▸ **Problem details**
Quote, word for word, the line containing "- A) Two 150x50cm…" and all lines that follow it to the end of the records, with no pictures.

_ _ _

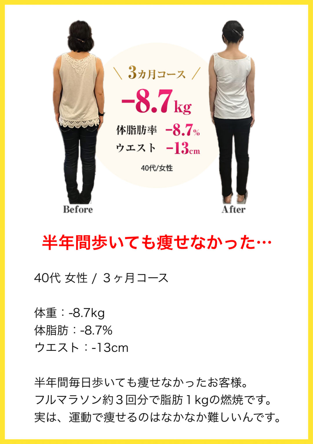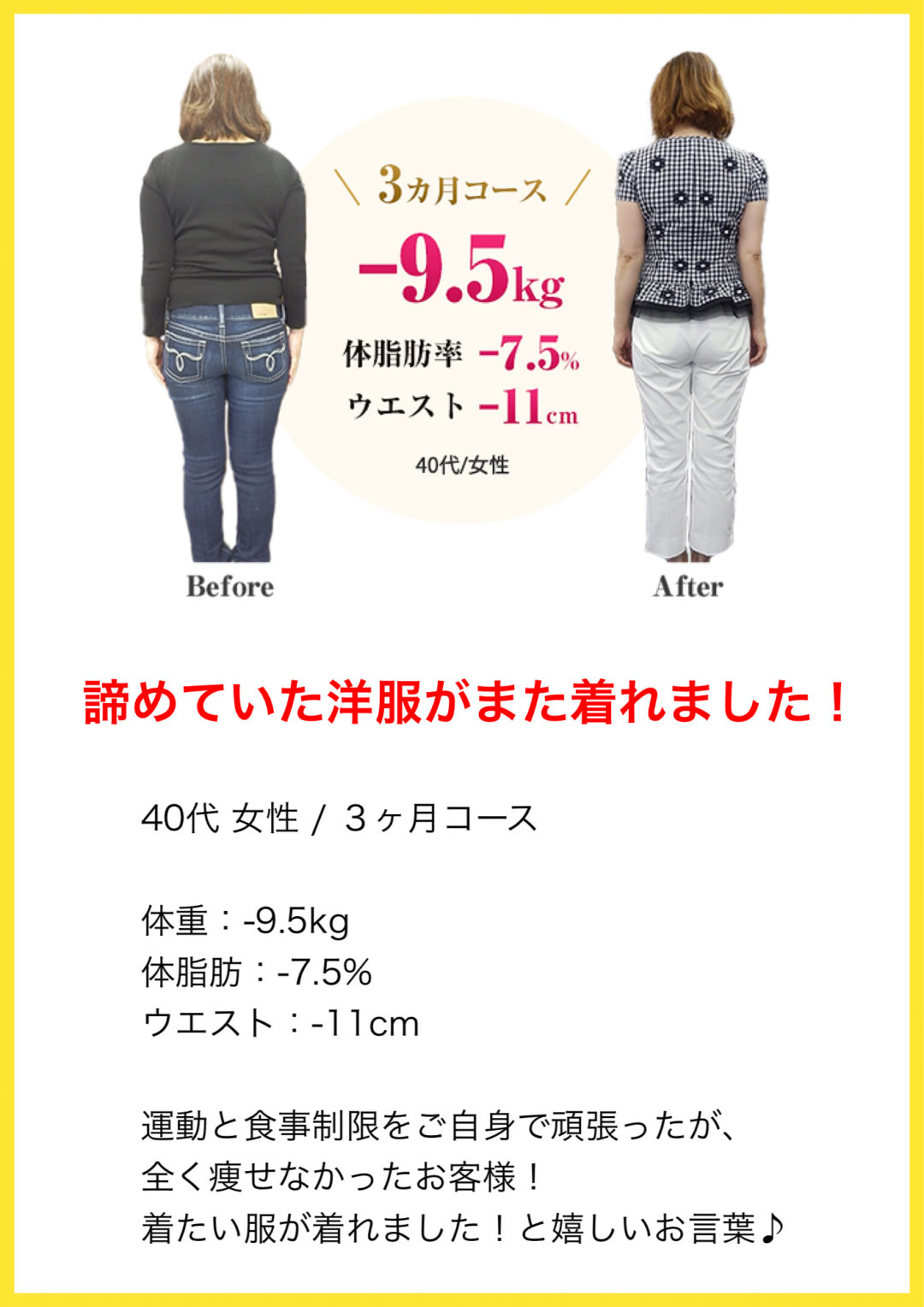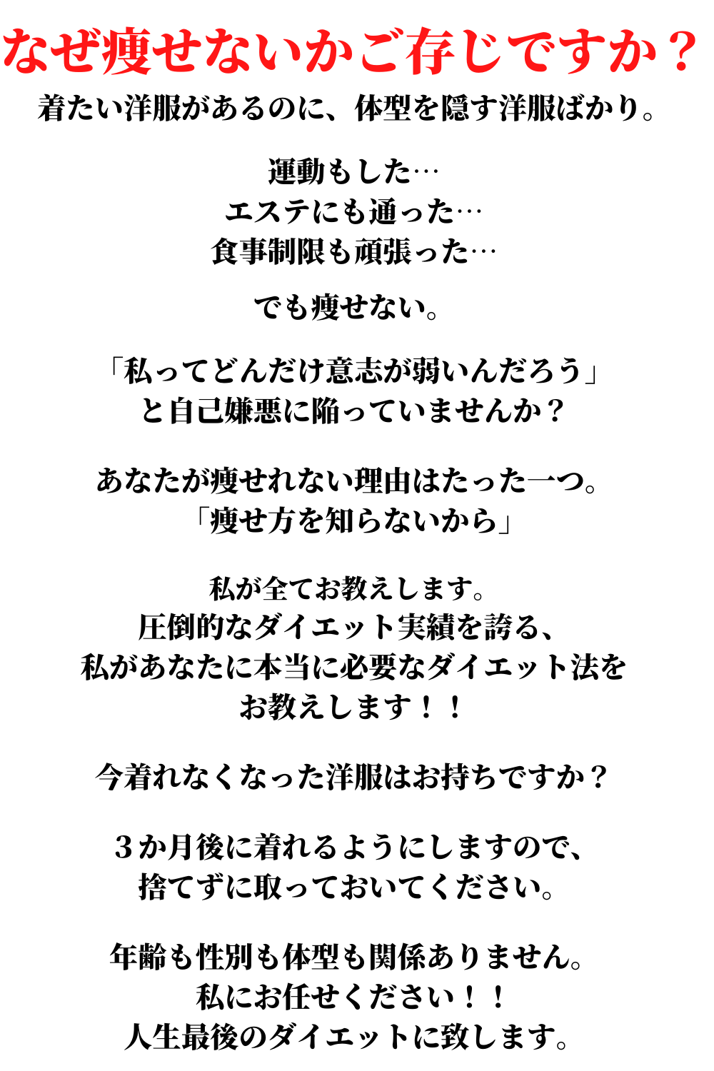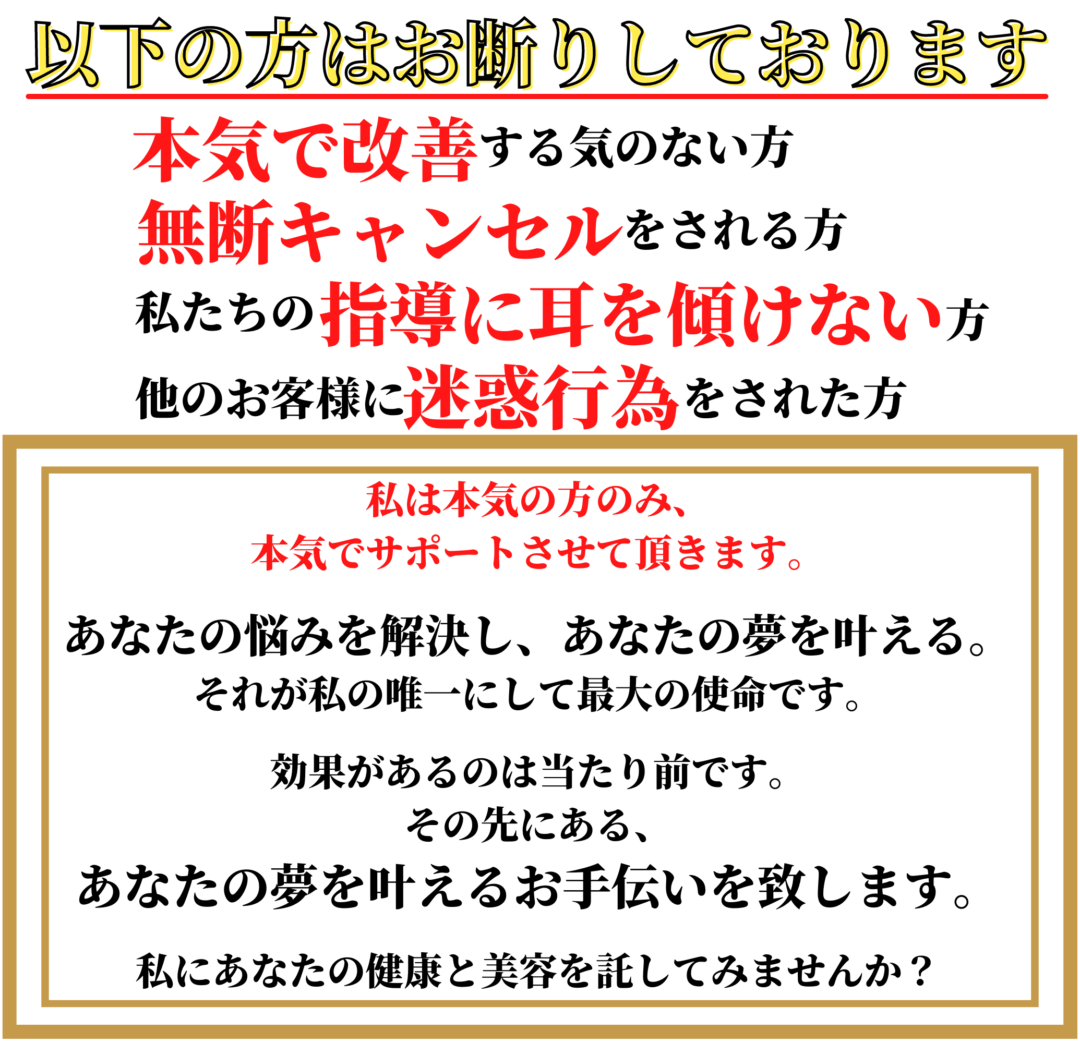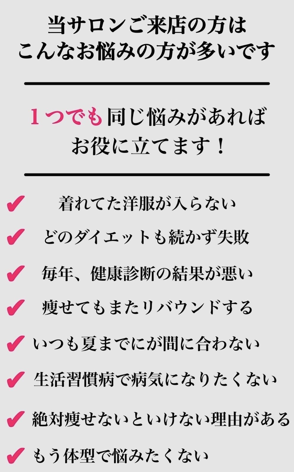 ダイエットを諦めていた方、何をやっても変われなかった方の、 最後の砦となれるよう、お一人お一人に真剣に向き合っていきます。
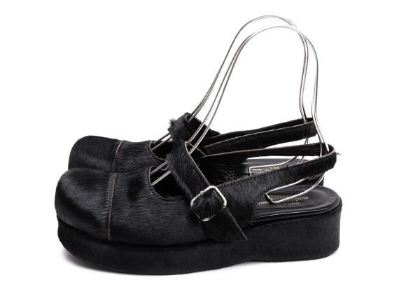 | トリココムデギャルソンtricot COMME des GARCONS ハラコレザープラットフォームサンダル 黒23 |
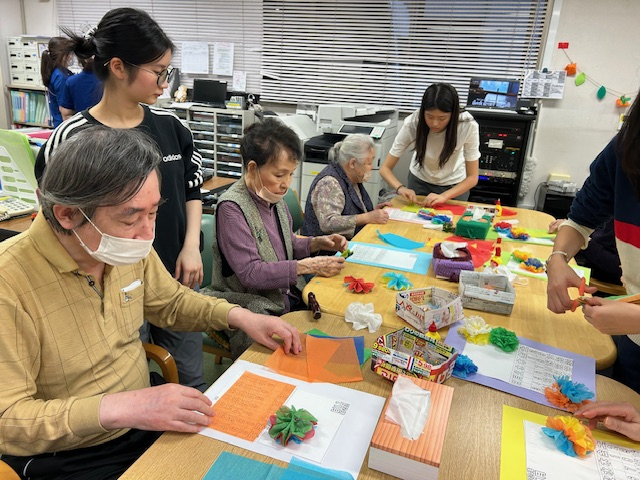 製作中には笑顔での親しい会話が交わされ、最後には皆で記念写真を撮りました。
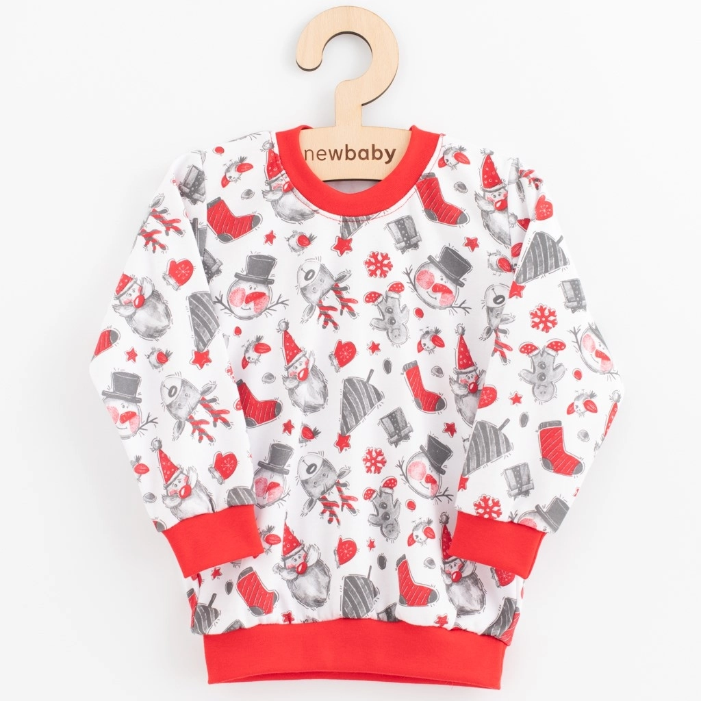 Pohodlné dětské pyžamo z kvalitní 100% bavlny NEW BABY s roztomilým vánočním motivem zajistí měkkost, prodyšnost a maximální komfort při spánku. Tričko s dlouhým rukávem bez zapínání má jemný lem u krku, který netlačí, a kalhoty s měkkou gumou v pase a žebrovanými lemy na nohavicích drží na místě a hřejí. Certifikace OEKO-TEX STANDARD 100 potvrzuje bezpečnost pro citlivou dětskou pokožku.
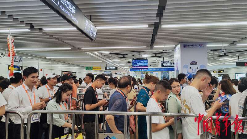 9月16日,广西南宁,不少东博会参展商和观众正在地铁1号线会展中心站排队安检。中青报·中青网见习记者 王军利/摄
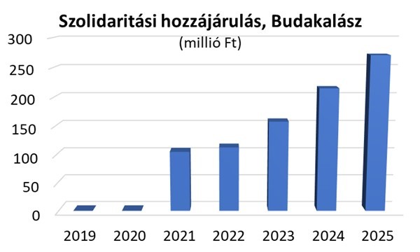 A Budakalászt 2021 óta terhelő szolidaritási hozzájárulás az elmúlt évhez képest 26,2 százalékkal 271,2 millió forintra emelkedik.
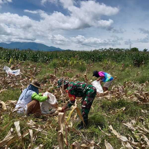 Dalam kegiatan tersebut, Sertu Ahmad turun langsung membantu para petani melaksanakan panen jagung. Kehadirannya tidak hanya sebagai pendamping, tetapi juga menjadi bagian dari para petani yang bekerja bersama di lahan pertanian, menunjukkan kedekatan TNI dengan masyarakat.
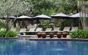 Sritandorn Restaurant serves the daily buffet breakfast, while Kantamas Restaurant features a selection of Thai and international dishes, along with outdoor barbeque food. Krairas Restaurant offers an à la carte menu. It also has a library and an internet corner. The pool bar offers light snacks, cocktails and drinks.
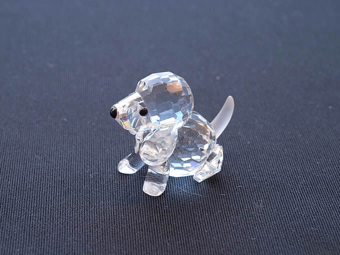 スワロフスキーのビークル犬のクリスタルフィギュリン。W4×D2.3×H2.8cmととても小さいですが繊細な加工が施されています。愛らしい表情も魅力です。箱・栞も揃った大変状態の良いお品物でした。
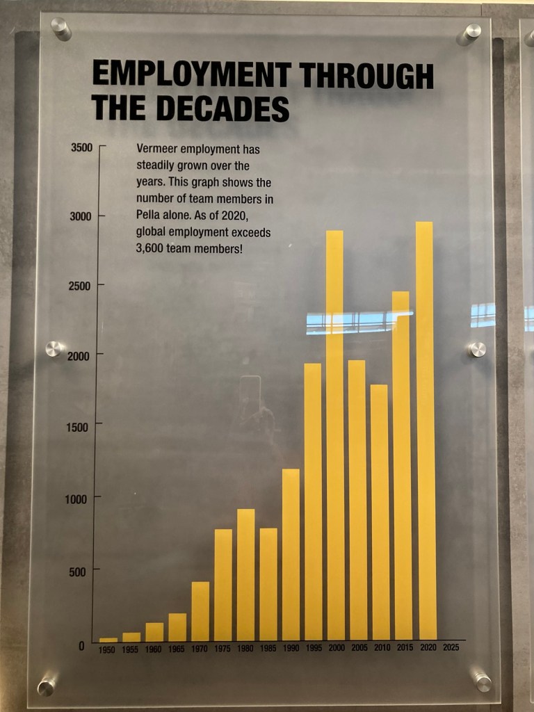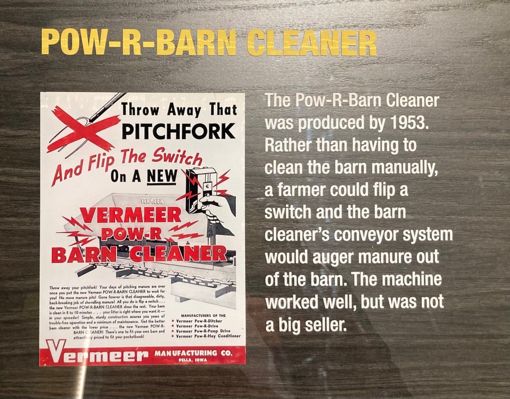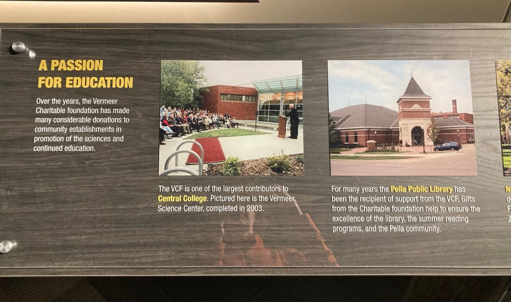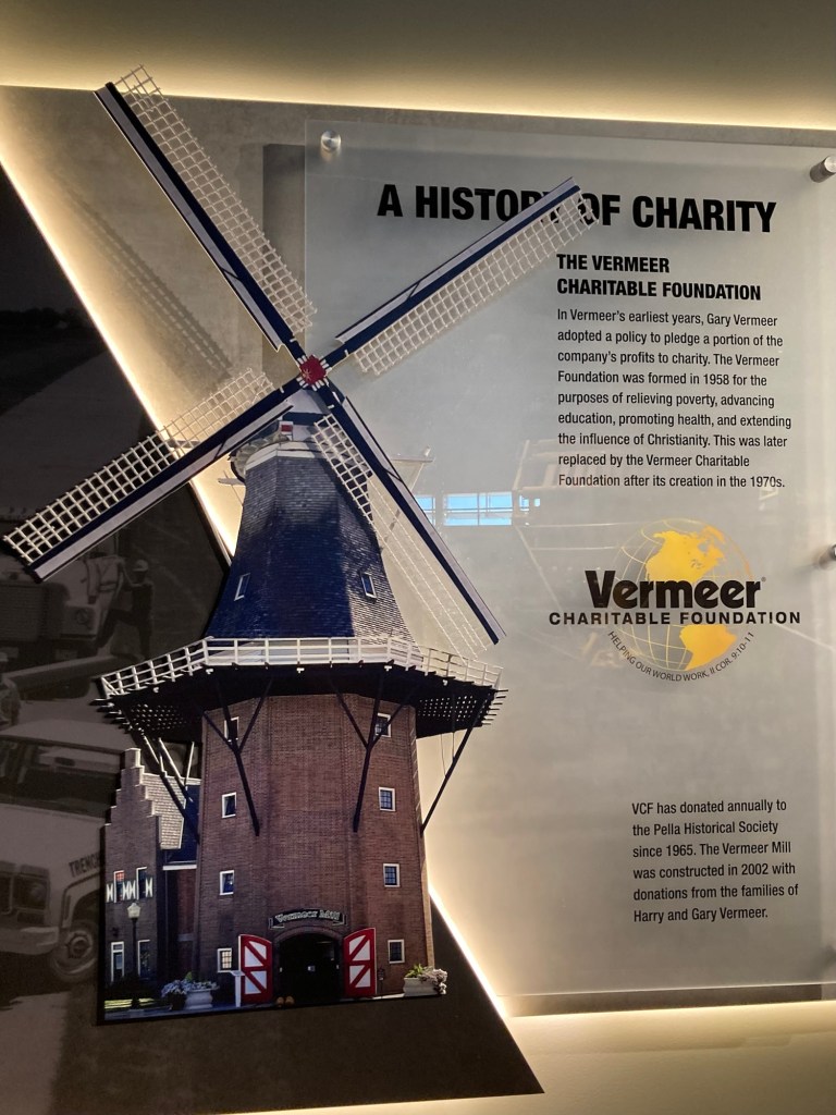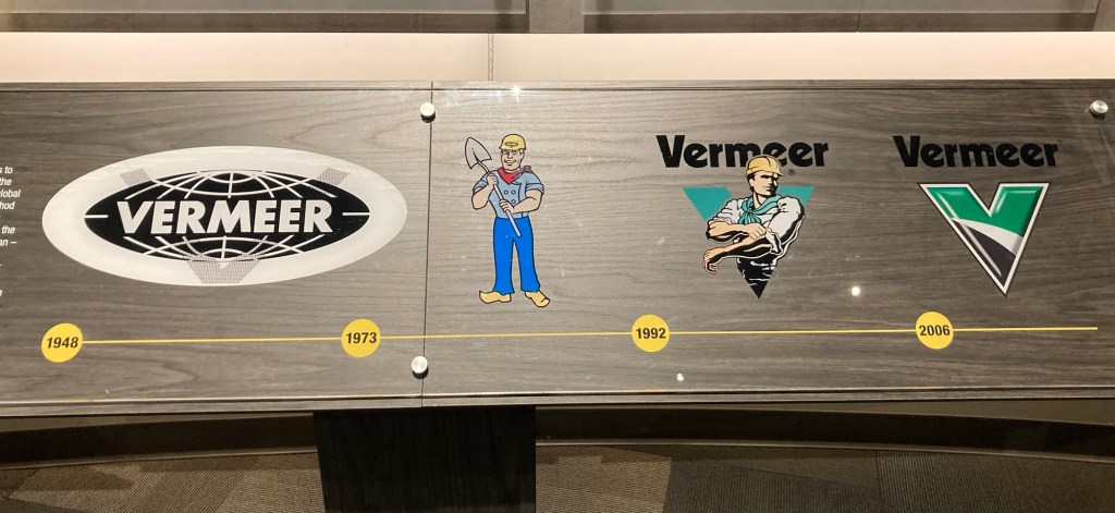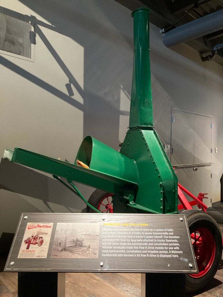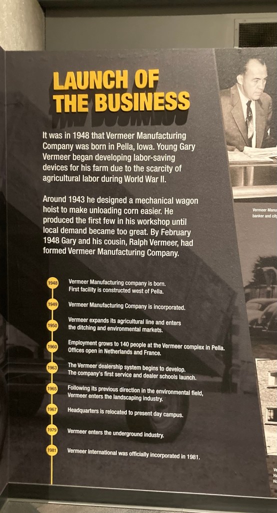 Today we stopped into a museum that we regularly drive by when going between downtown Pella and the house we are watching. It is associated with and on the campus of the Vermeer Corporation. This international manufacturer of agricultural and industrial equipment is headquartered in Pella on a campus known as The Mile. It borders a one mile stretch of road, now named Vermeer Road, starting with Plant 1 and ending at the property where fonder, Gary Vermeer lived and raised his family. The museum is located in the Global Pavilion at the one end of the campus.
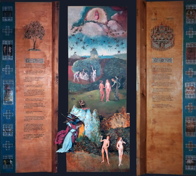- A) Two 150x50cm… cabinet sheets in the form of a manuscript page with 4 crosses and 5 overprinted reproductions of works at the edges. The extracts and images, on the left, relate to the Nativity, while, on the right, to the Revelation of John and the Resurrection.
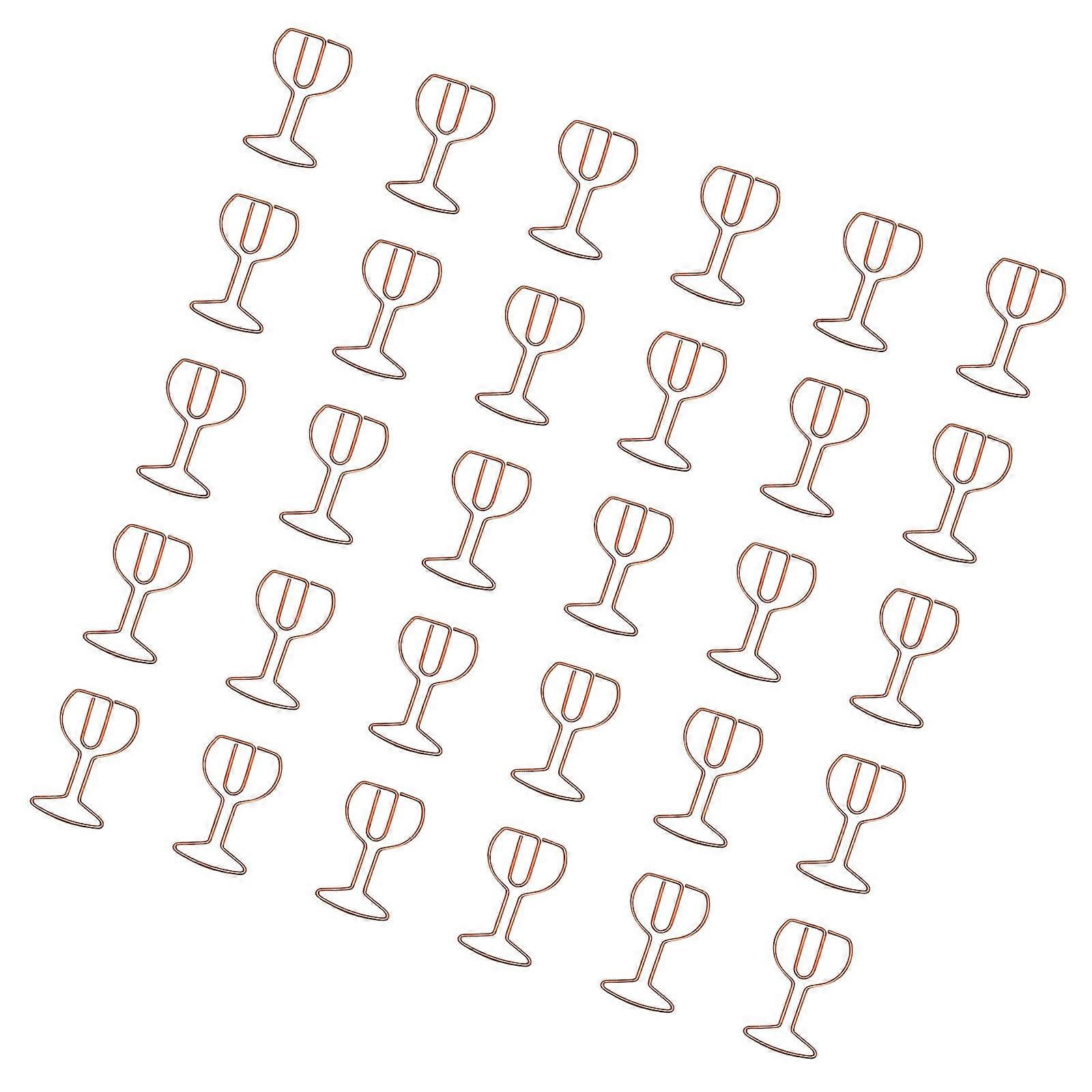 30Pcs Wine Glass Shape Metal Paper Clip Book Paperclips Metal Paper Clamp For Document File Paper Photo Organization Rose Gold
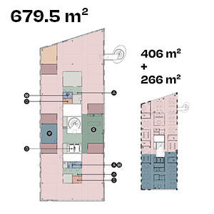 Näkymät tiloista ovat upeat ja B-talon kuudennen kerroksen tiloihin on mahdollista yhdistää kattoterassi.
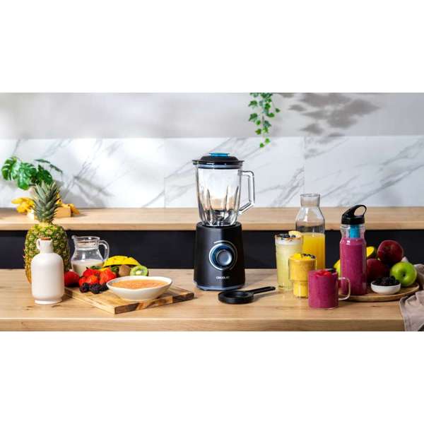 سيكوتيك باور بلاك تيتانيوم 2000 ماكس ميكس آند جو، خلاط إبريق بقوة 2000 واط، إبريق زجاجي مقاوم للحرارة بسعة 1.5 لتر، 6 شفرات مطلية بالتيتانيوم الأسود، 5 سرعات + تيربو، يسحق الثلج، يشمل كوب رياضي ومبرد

_ _ _

▸ **Problem solution**
- A) Two 150x50cm… cabinet sheets in the form of a manuscript page with 4 crosses and 5 overprinted reproductions of works at the edges. The extracts and images, on the left, relate to the Nativity, while, on the right, to the Revelation of John and the Resurrection.
 30Pcs Wine Glass Shape Metal Paper Clip Book Paperclips Metal Paper Clamp For Document File Paper Photo Organization Rose Gold
 Näkymät tiloista ovat upeat ja B-talon kuudennen kerroksen tiloihin on mahdollista yhdistää kattoterassi.
 سيكوتيك باور بلاك تيتانيوم 2000 ماكس ميكس آند جو، خلاط إبريق بقوة 2000 واط، إبريق زجاجي مقاوم للحرارة بسعة 1.5 لتر، 6 شفرات مطلية بالتيتانيوم الأسود، 5 سرعات + تيربو، يسحق الثلج، يشمل كوب رياضي ومبرد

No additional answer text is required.